- _What the task asks_
Which lines come from the start of the listing through the line holding "Emotion-Based Guidance: The"? Restate exactly those, both included, minus the pictures.

- _Extracted data_
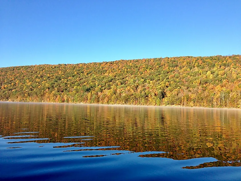 L'eau claire et calme du lac Canadice, l'un des Finger Lakes de New York, en automne, avec un ciel bleu en arrière-plan.
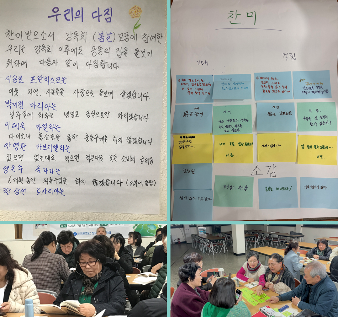 찾아가는 사회교리학교는 상반기 옥련동 성당, 하반기 부평2동 성당에서 진행되었습니다. 참가자들은 6주동안 프란치스코 교황 회칙 「찬미받으소서」를 강독하며 생태 실천을 하는 시간을 가졌습니다. 강독회 마무리 후 참여자들은 환경사도직 단체인 하늘땅물벗회를 구성하여 본당에서 환경실천을 이어가고 있습니다. (옥련동 36명/ 부평2동 22명 참여) |
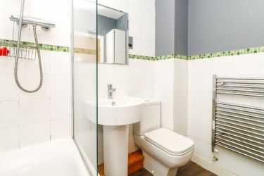 A modern three piece suite in white comprising low level W/C, wash hand basin, panelled bath with shower over, tiled walls and a heated towel radiator.
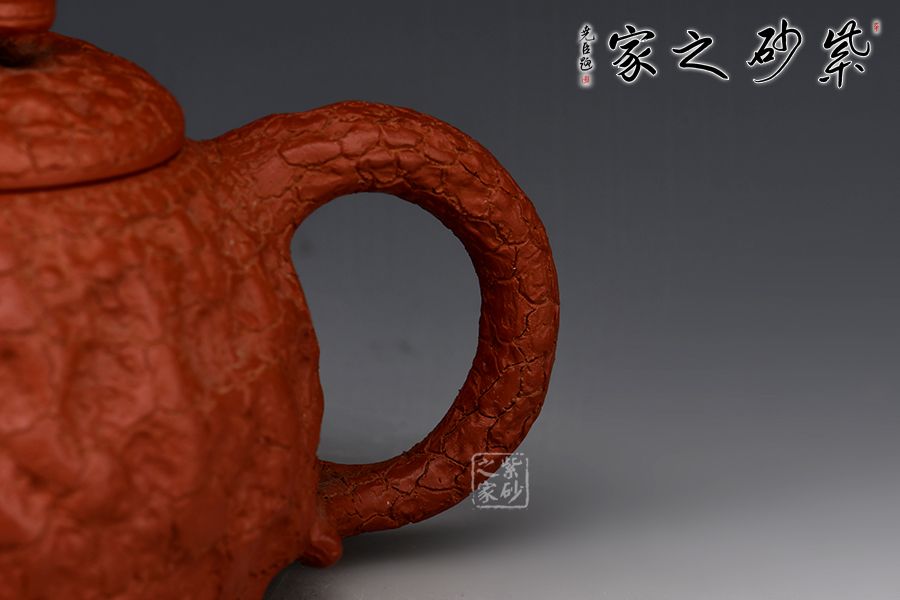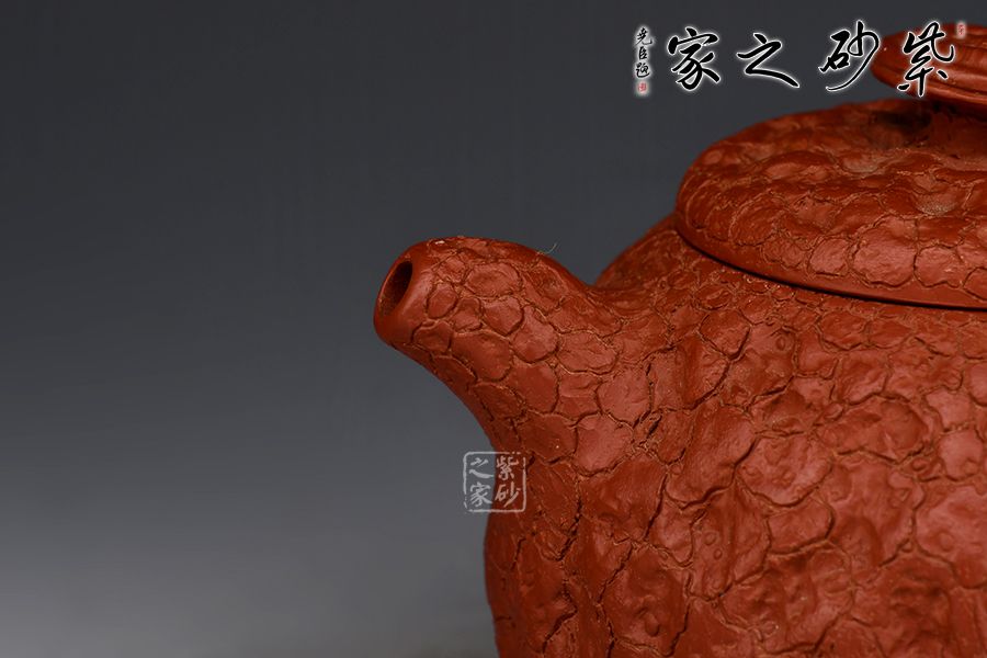特點(diǎn):質(zhì)感綿密、緊實(shí)細(xì)緻,持之扎實(shí)沉重、紅潤(rùn)豔麗,泥中極品,無(wú)以倫比;泥胚含少許原礦顆粒,沖淋熱水后色變極大,呈紅中帶紫,養(yǎng)壺易現(xiàn)“包漿”之美。
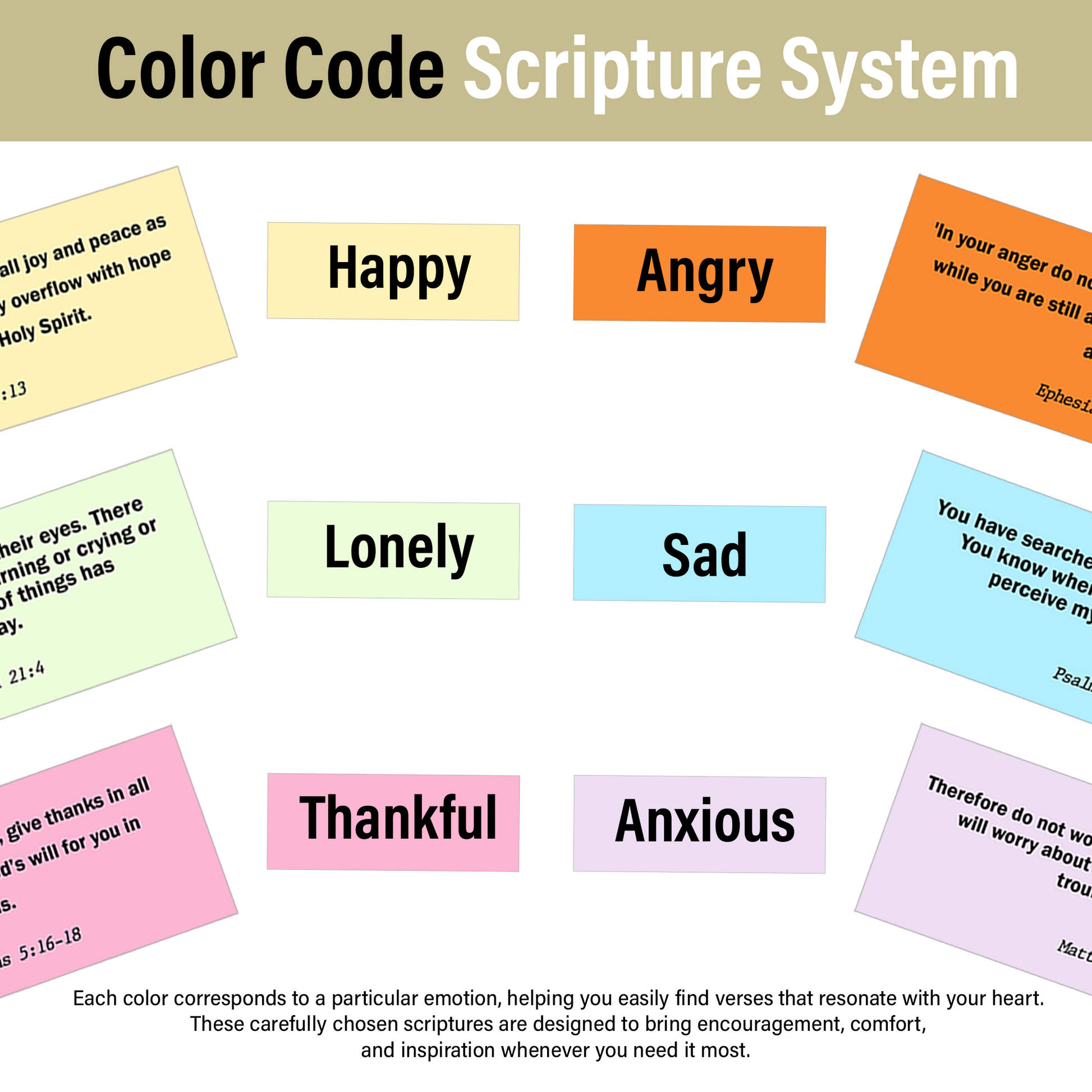 Emotion-Based Guidance: The verses are color-coded into six emotions - Happy, Thankful, Anxious, Lonely, Angry, and Sad, helping you find the right words to reflect on your emotions when you need them the most.
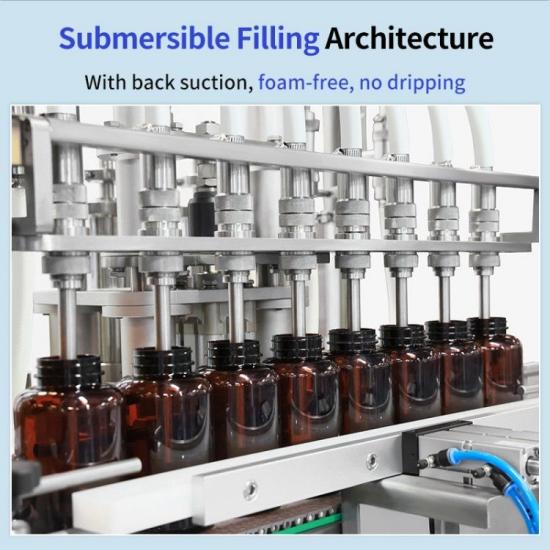 Il riempimento a immersione è una delle sue caratteristiche principali. Durante il processo di riempimento, la testa di riempimento viene sempre mantenuta al di sotto del livello del liquido. Questo design risolve in modo intelligente il problema della formazione di schiuma e degli schizzi di liquido. Per alcuni liquidi facilmente schiumosi, come i liquidi contenenti tensioattivi e alcuni liquidi orali, il metodo di riempimento tradizionale prevede il riempimento al di sopra del livello del liquido, causando un contatto violento tra il liquido e l'aria, con conseguente formazione di un gran numero di bolle. Queste bolle non solo occupano lo spazio del contenitore, compromettendo la precisione del volume di riempimento, ma possono anche traboccare, causando sprechi di liquido e inquinamento delle apparecchiature. Tuttavia, con il riempimento a immersione, poiché la testa di riempimento scende in profondità al di sotto del livello del liquido, il liquido può essere iniettato senza problemi nel contenitore, riducendo notevolmente il contatto con l'aria e inibendo sostanzialmente la formazione di bolle. Allo stesso tempo, evita anche che il liquido fuoriesca dal contenitore a causa dell'impatto, riducendo ulteriormente la perdita di liquido.
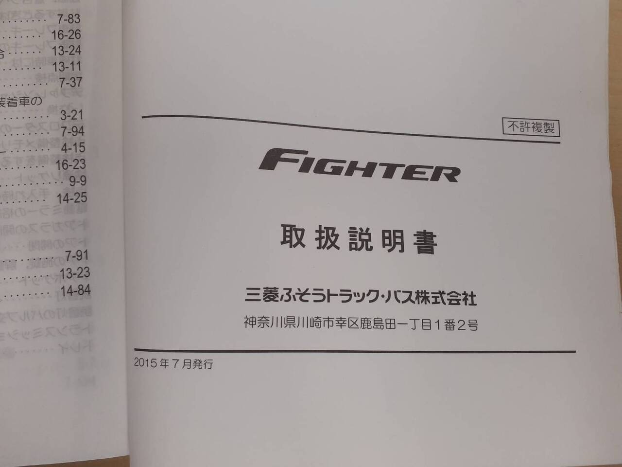 三菱ふそう ファイター MH995977 取扱説明書
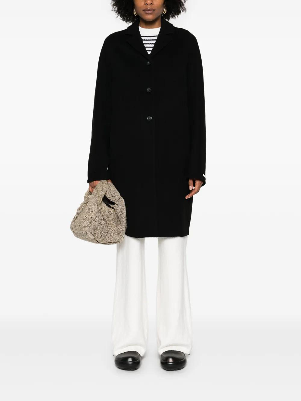 black front button fastening two side inset pockets notched lapels long raglan sleeves
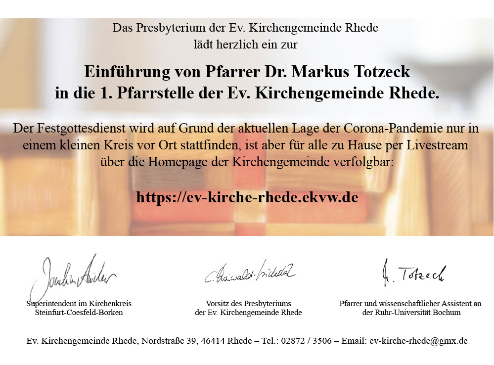 Livestream--Einführungsgottesdienst von Pfarrer Dr. Markus Totzeck
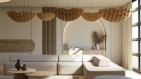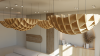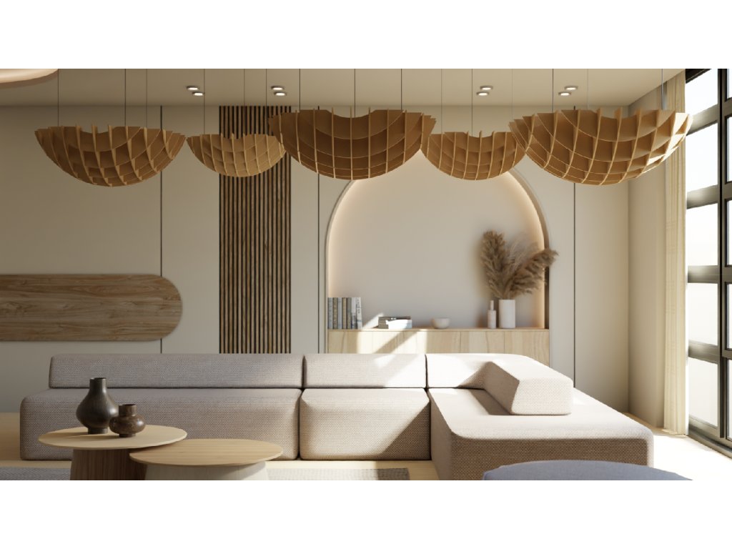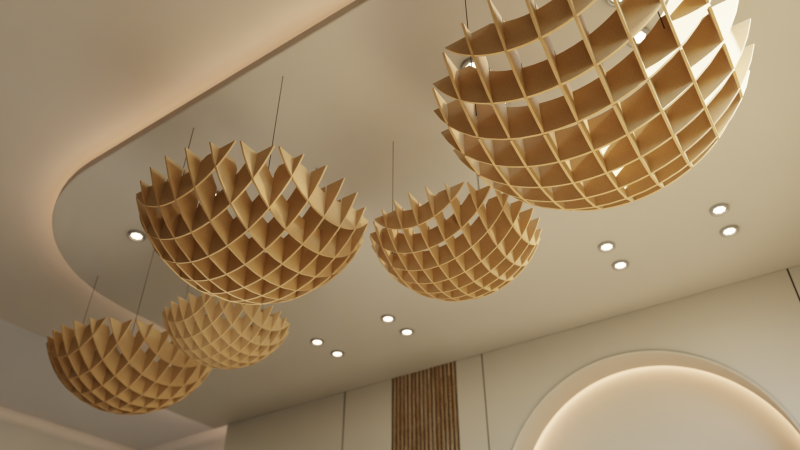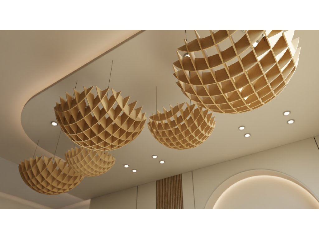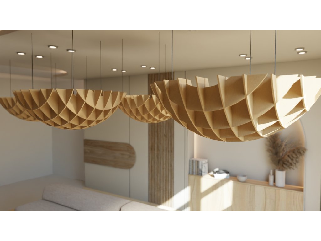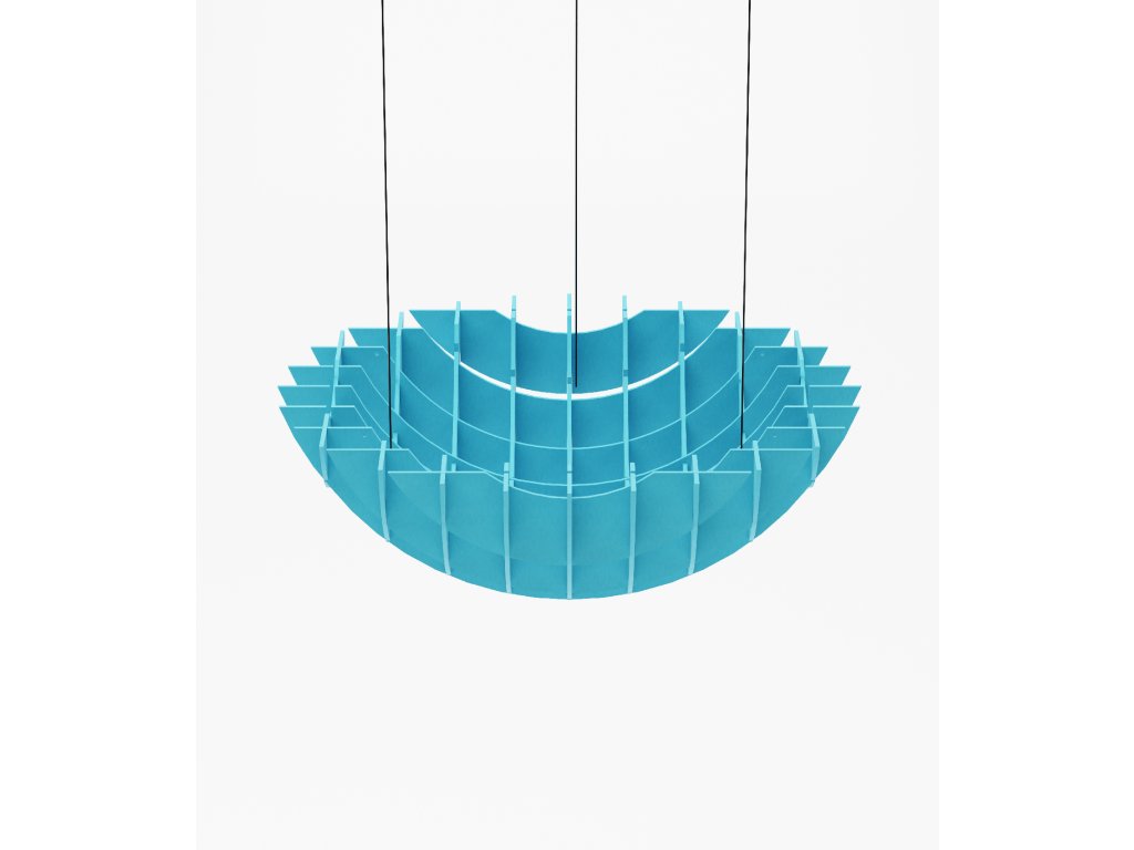 Designové závěsné AcouBaffle Hemisphery z PET plstě pro funkční stropy a esteticky přitažlivé prostředí. Jedná se o moderní řešení pro zlepšení akustického komfortu a jedinečného vzhledu v jakémkoliv prostoru – od kanceláří a konferenčních místností až po domácí pracovny a obytné prostory.
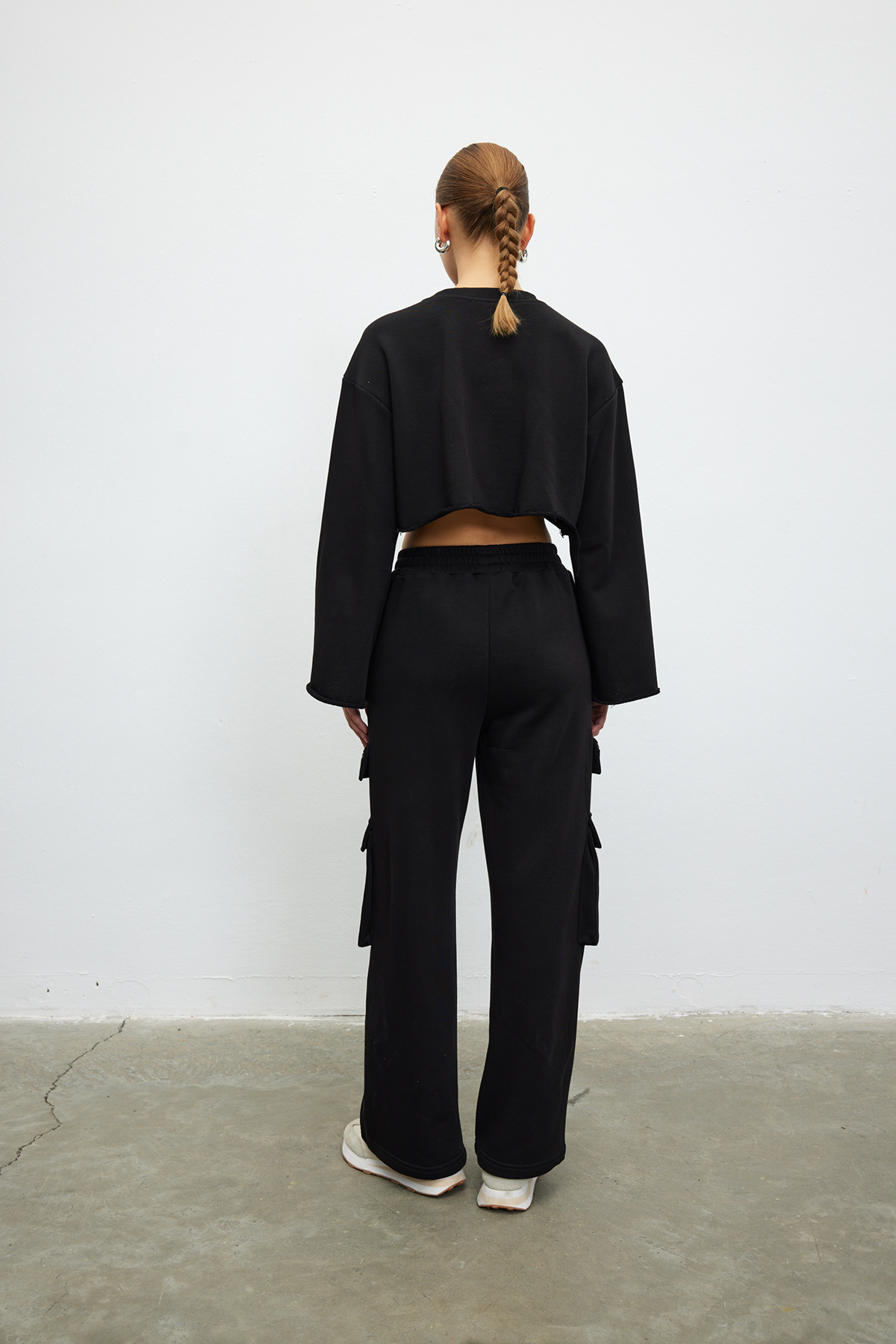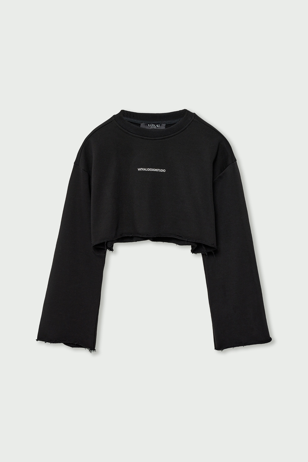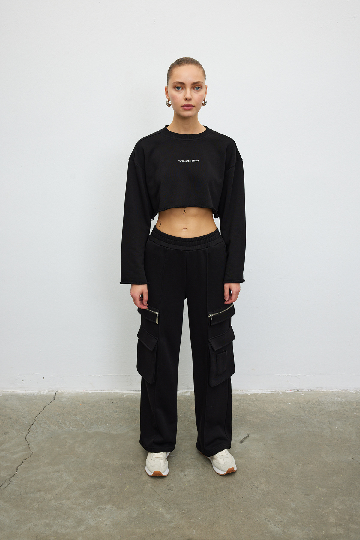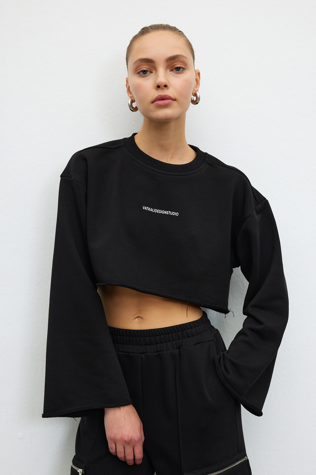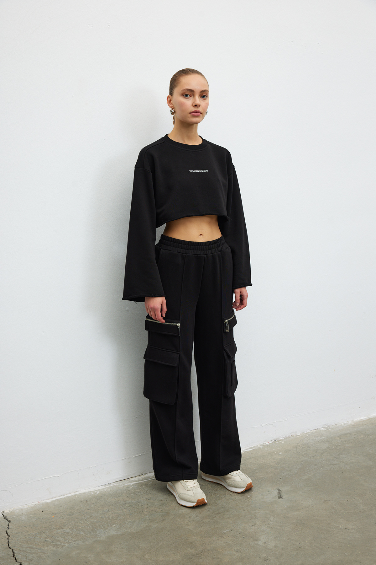 Pamuklu, bisiklet yaka ve uzun kollu, slogan baskılı crop sweatshirt.

- _Result for this task_
 L'eau claire et calme du lac Canadice, l'un des Finger Lakes de New York, en automne, avec un ciel bleu en arrière-plan.
 찾아가는 사회교리학교는 상반기 옥련동 성당, 하반기 부평2동 성당에서 진행되었습니다. 참가자들은 6주동안 프란치스코 교황 회칙 「찬미받으소서」를 강독하며 생태 실천을 하는 시간을 가졌습니다. 강독회 마무리 후 참여자들은 환경사도직 단체인 하늘땅물벗회를 구성하여 본당에서 환경실천을 이어가고 있습니다. (옥련동 36명/ 부평2동 22명 참여) |
 A modern three piece suite in white comprising low level W/C, wash hand basin, panelled bath with shower over, tiled walls and a heated towel radiator.
特點(diǎn):質(zhì)感綿密、緊實(shí)細(xì)緻,持之扎實(shí)沉重、紅潤(rùn)豔麗,泥中極品,無(wú)以倫比;泥胚含少許原礦顆粒,沖淋熱水后色變極大,呈紅中帶紫,養(yǎng)壺易現(xiàn)“包漿”之美。
 Emotion-Based Guidance: The verses are color-coded into six emotions - Happy, Thankful, Anxious, Lonely, Angry, and Sad, helping you find the right words to reflect on your emotions when you need them the most.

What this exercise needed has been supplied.